El ganador de un concurso literario en centros penitenciarios nos conmueve con sus reflexiones
Ya en las afueras de Lima, donde los arenales empiezan a ganarle territorio al ladrillo, el auto me llevó por un sendero que terminó por desembocar ante altas murallas coronadas por alambres de púas. Era el penal Ancón II, en cuya entrada peatonal se alza un colosal portal de concreto que no tiene más función práctica que la de infundir respeto. Me preguntaba si valía la pena haber gastado en esa mole parte de nuestros impuestos, cuando mi acompañante me recordó que dejara mi celular en el auto. «Además, aquí no hay señal de internet», me dijo, y fue debido a mi acatamiento —y a la revisión del policía de la entrada— que lo que narraré a continuación no tiene registro gráfico ni audiovisual.
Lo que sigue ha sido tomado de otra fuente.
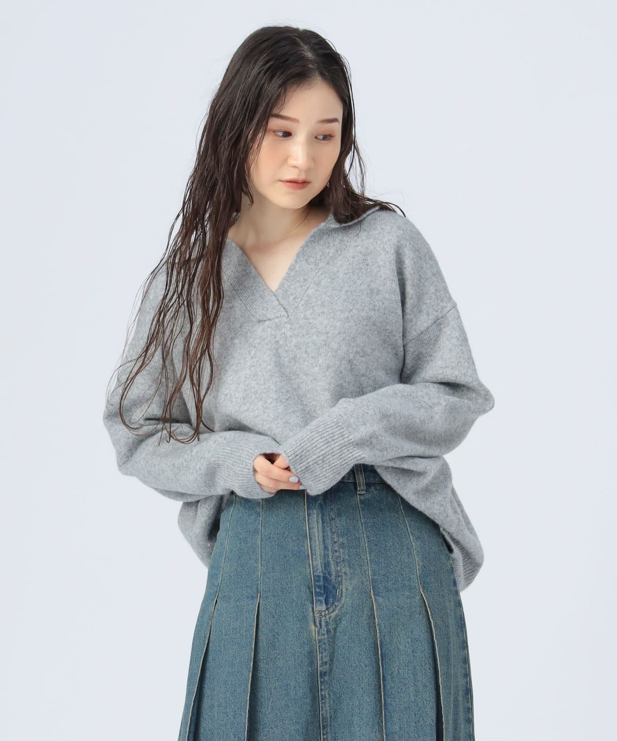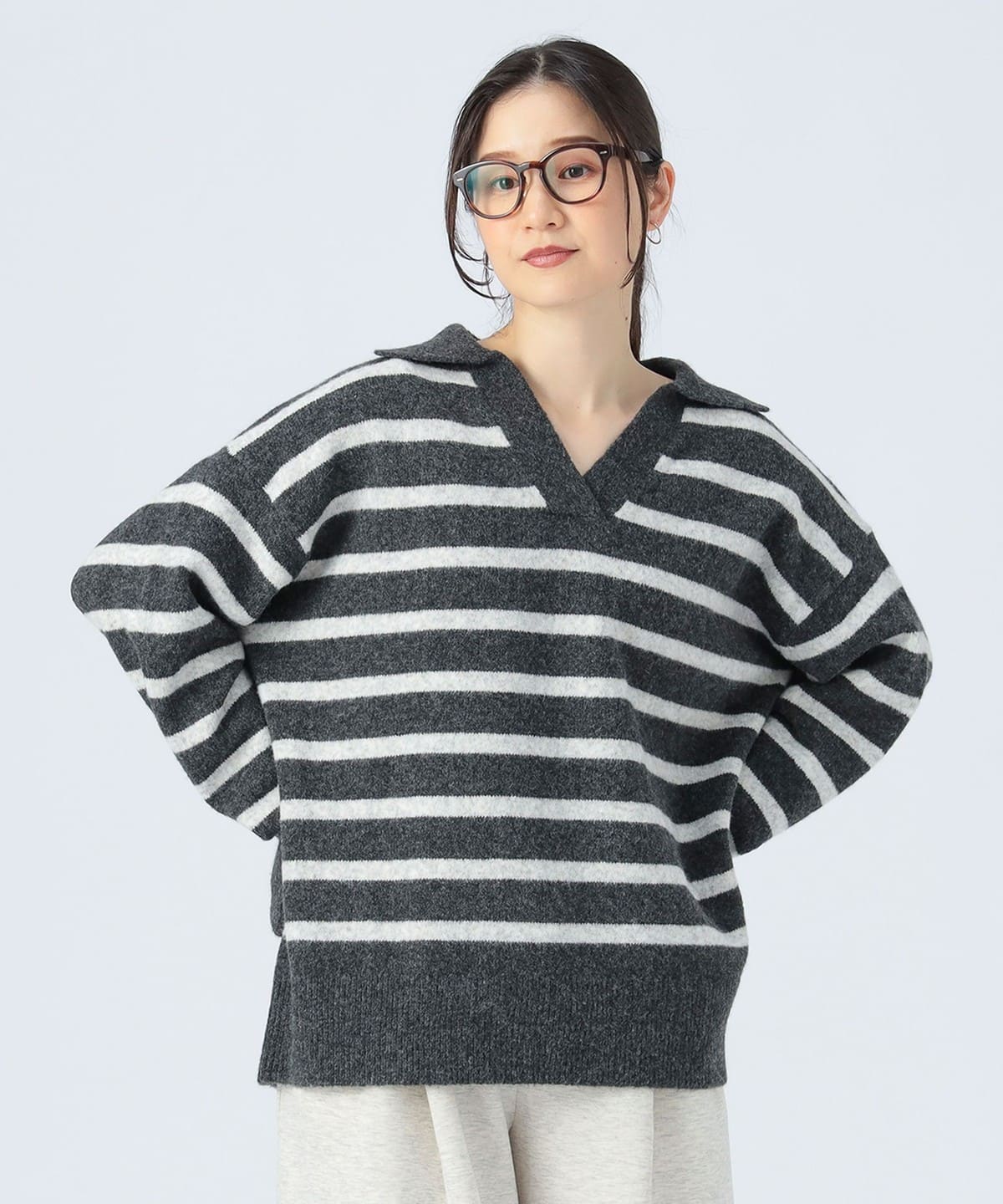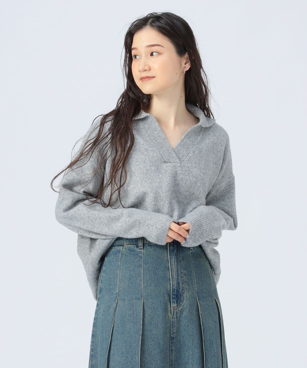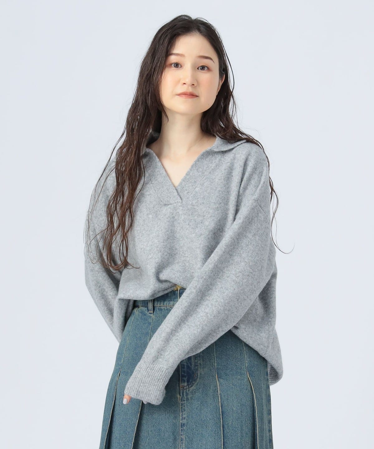 얼굴선을 깔끔하게 보이게 하는 스키퍼 칼라 디자인 이 돋보이는 니트 풀오버입니다. 몸의 라인을 드러내지 않는 오버사이즈 실루엣으로 편안한 착용감을 제공합니다.

En uno de los patios, ante un auditorio compuesto mayoritariamente por internos del penal, ya nos esperaba la mesa oficial. En ella se acababan de sentar los representantes del Instituto Nacional Penitenciario, la Defensoría del Pueblo, la Asociación Dignidad Humana y Solidaridad y la embajada de Bélgica. Yo representaba al jurado de la última edición del concurso de cuentos Hubert Lanssiers —admirable sacerdote belga, defensor de los derechos humanos—, al que centenares de internos e internas de todo el país habían enviado sus escritos.
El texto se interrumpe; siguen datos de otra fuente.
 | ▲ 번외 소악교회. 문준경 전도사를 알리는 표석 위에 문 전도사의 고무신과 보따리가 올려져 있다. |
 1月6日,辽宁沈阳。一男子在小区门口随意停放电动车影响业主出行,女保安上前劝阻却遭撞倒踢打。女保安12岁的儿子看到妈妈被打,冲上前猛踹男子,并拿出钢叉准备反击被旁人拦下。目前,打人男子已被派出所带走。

Como no ha ocurrido antes en la historia del concurso, una vez que se abrieron los sobres y se conocieron las identidades tras los seudónimos, el primer y segundo puesto correspondieron a la misma persona: Walter Tovar, quien con una camisa violeta y un reciente corte de pelo, acompañado de sus orgullosas hija y esposa, esperaba ser mencionado desde la primera fila.
Luego de los discursos previsibles, por fin le tocó a Walter ser el punto de atención. Una vez en el podio, tras el micrófono, se mostró contento, emocionado y agradecido con los organizadores y, sobre todo, con su familia.
Para entonces, yo ya había ojeado en mi asiento el bonito ejemplar impreso con todos los cuentos ganadores, y había leído en él un testimonio escrito por Walter. Este párrafo en particular me había conmovido: «He encontrado mi camino, mi destino. Me ha permitido amarme, amar a mi familia y cambiar mi entorno. Sé que mi libertad está cerca, y sé quién soy: un escritor”.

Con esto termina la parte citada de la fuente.